Louis Drysdale was born in Jamaica, probably in Kingston, in 1883/4, but so far little information has come to light on his parents or his family background. However there are possible birth records for Louis and his siblings.
This birth record indicates that George Louis Drysdale (Drysdale was sometimes referred to as 'Louis George) was born at 19 North Street on December 15, 1883; his parents were Edward Drysdale, a carpenter, and Ursulina Drysdale (formerly Cole), a cook. Edward made his mark on the birth registration record.

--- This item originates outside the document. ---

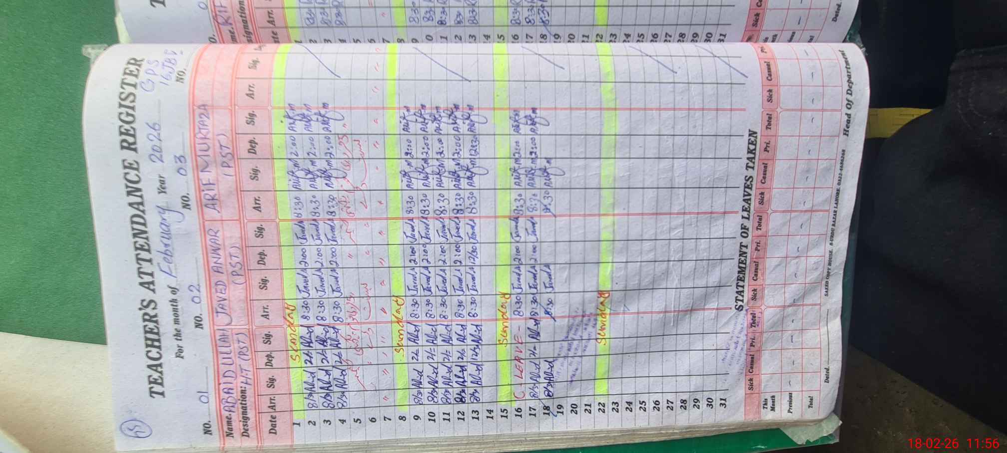 | CNIC | Full Name | Designation | R/C | Absence During Last Calender Month |

Like other musicians of the time, such as T Ellis Jackson and Adeline McDermott, he appeared, new-minted, as a member of the Kingston Choral Union, in 1904. He appeared then in a concert for the Jamaica Union of Teachers, along with the well-established members of the group. By 1906 he was well enough established as a singer to be included in the group invited by Sir Alfred Jones to appear at the Colonial Products Exhibition:
Daily Gleaner January 5, 1906
In the UK the Kingston Choral Union became famous as the 'Jamaica Choir' during its two tours extending from 1906 to 1908. Several members, including Drysdale, decided to stay on to make use of the opportunities to improve their musical skills. It seems that with the backing of Sir Alfred, Drysdale was able to study at the Royal College of Music with outstanding operatic performers of the day. He then made a very successful career training singers, using the finest Italian methods. Although it does not seem that he ever returned to Jamaica, and apparently he and his first wife were divorced around 1911, he maintained strong links with the island.